■ **ASSIGNMENT**: Leaving pictures aside, restate exactly the lines of the data below, from the first one through the line that contains "This paper explores".

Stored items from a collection
○ ○ ○ ○

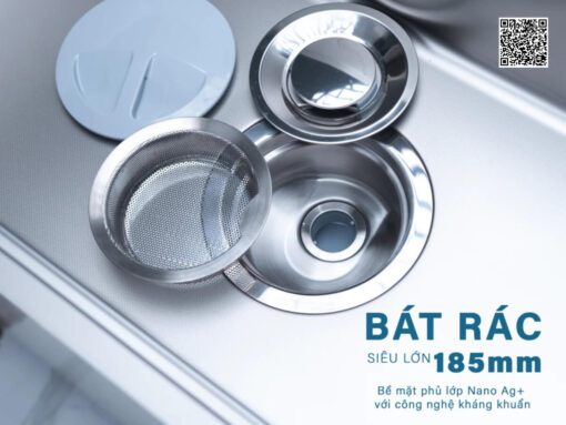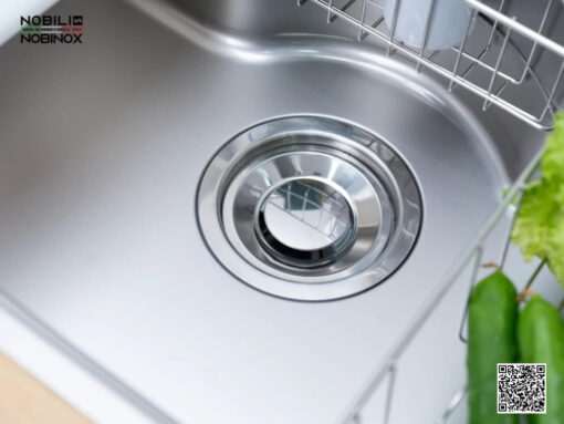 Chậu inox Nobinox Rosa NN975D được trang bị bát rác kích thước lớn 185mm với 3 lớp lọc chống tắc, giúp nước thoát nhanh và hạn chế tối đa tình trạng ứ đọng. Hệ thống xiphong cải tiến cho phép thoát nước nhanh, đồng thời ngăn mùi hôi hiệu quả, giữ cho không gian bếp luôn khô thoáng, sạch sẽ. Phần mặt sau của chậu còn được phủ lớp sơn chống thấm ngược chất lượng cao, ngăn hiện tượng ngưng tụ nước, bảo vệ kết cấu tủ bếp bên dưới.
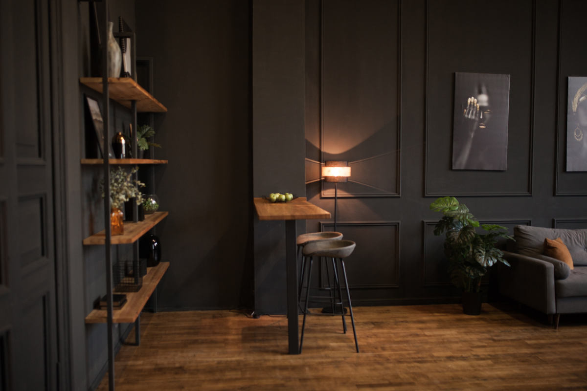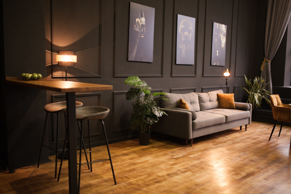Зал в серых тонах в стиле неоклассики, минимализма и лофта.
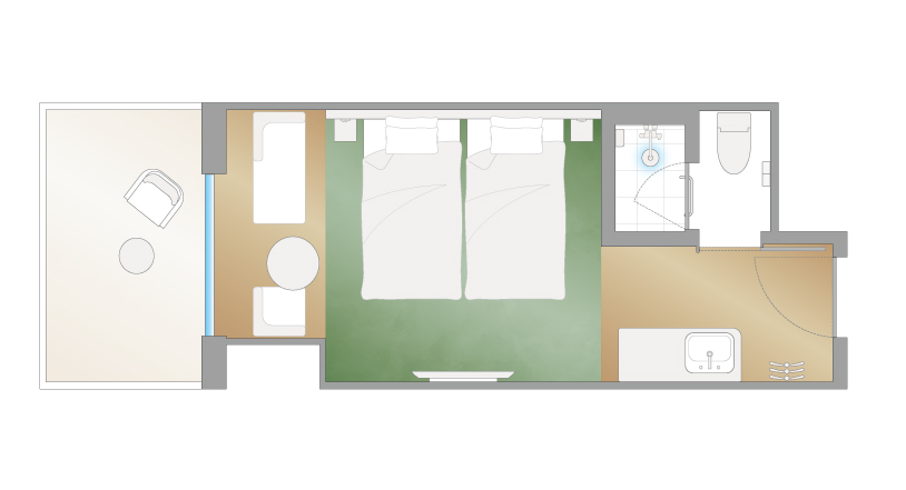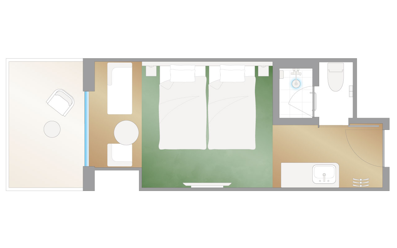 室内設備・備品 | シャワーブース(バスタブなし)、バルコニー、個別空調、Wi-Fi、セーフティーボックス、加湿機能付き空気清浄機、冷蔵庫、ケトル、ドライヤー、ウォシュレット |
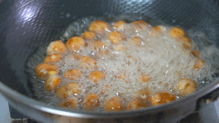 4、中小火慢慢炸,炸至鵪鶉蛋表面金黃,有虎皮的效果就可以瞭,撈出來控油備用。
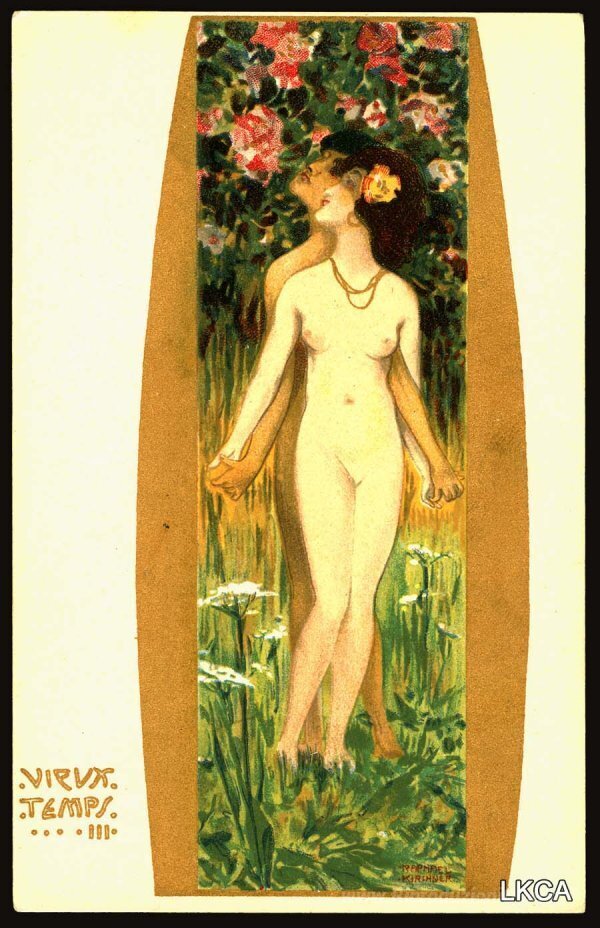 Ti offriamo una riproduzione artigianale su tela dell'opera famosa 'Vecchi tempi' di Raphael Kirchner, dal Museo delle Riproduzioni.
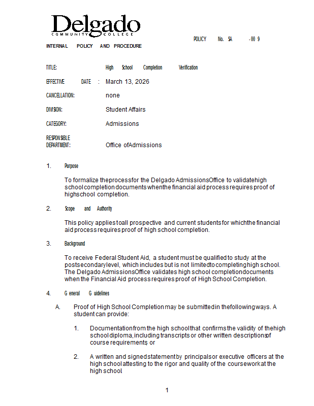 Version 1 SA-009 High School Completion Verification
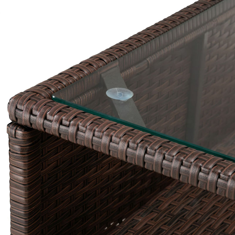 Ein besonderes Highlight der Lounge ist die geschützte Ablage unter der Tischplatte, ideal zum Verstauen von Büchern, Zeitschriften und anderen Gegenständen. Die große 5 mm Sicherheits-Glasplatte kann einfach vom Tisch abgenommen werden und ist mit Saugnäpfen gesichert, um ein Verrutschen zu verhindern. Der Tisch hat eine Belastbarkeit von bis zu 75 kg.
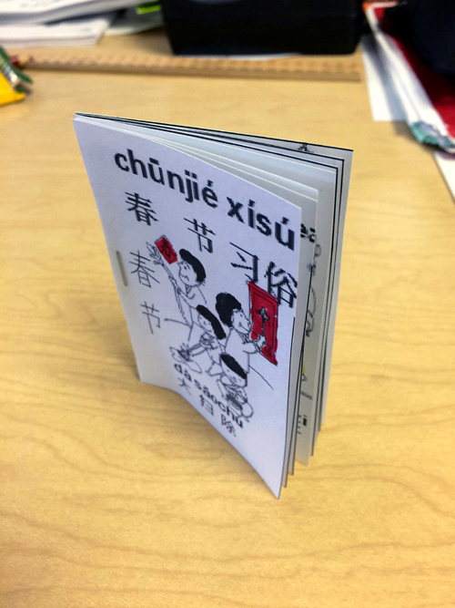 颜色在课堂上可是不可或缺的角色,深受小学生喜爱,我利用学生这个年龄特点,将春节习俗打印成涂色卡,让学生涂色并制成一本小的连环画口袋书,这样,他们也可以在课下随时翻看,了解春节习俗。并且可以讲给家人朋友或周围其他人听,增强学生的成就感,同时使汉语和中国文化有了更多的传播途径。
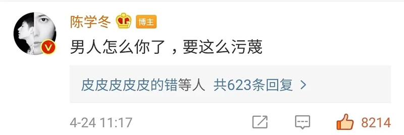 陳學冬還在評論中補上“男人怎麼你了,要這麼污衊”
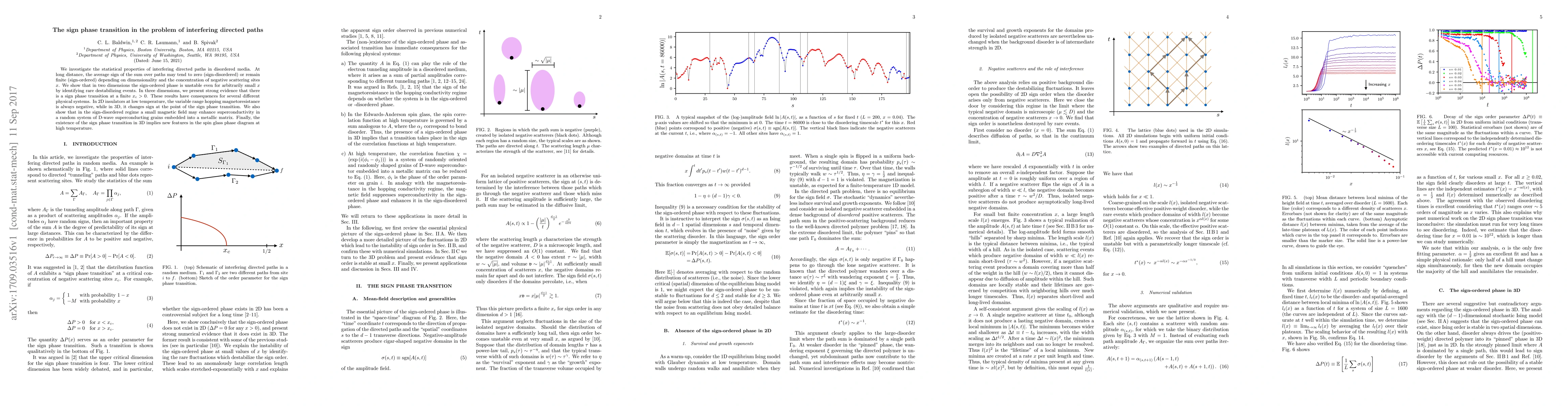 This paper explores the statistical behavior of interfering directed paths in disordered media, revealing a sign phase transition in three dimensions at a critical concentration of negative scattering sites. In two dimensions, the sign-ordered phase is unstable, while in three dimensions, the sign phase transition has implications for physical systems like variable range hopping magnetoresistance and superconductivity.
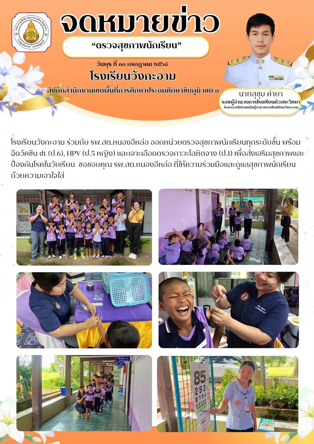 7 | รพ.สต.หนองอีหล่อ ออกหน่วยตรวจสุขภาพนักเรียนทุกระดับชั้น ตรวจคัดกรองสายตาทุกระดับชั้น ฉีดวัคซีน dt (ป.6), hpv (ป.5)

○ ○ ○ ○

■ **EXPECTED ANSWER**:
 Chậu inox Nobinox Rosa NN975D được trang bị bát rác kích thước lớn 185mm với 3 lớp lọc chống tắc, giúp nước thoát nhanh và hạn chế tối đa tình trạng ứ đọng. Hệ thống xiphong cải tiến cho phép thoát nước nhanh, đồng thời ngăn mùi hôi hiệu quả, giữ cho không gian bếp luôn khô thoáng, sạch sẽ. Phần mặt sau của chậu còn được phủ lớp sơn chống thấm ngược chất lượng cao, ngăn hiện tượng ngưng tụ nước, bảo vệ kết cấu tủ bếp bên dưới.
Зал в серых тонах в стиле неоклассики, минимализма и лофта.
 室内設備・備品 | シャワーブース(バスタブなし)、バルコニー、個別空調、Wi-Fi、セーフティーボックス、加湿機能付き空気清浄機、冷蔵庫、ケトル、ドライヤー、ウォシュレット |
 4、中小火慢慢炸,炸至鵪鶉蛋表面金黃,有虎皮的效果就可以瞭,撈出來控油備用。
 Ti offriamo una riproduzione artigianale su tela dell'opera famosa 'Vecchi tempi' di Raphael Kirchner, dal Museo delle Riproduzioni.
 Version 1 SA-009 High School Completion Verification
 Ein besonderes Highlight der Lounge ist die geschützte Ablage unter der Tischplatte, ideal zum Verstauen von Büchern, Zeitschriften und anderen Gegenständen. Die große 5 mm Sicherheits-Glasplatte kann einfach vom Tisch abgenommen werden und ist mit Saugnäpfen gesichert, um ein Verrutschen zu verhindern. Der Tisch hat eine Belastbarkeit von bis zu 75 kg.
 颜色在课堂上可是不可或缺的角色,深受小学生喜爱,我利用学生这个年龄特点,将春节习俗打印成涂色卡,让学生涂色并制成一本小的连环画口袋书,这样,他们也可以在课下随时翻看,了解春节习俗。并且可以讲给家人朋友或周围其他人听,增强学生的成就感,同时使汉语和中国文化有了更多的传播途径。
 陳學冬還在評論中補上“男人怎麼你了,要這麼污衊”
 This paper explores the statistical behavior of interfering directed paths in disordered media, revealing a sign phase transition in three dimensions at a critical concentration of negative scattering sites. In two dimensions, the sign-ordered phase is unstable, while in three dimensions, the sign phase transition has implications for physical systems like variable range hopping magnetoresistance and superconductivity.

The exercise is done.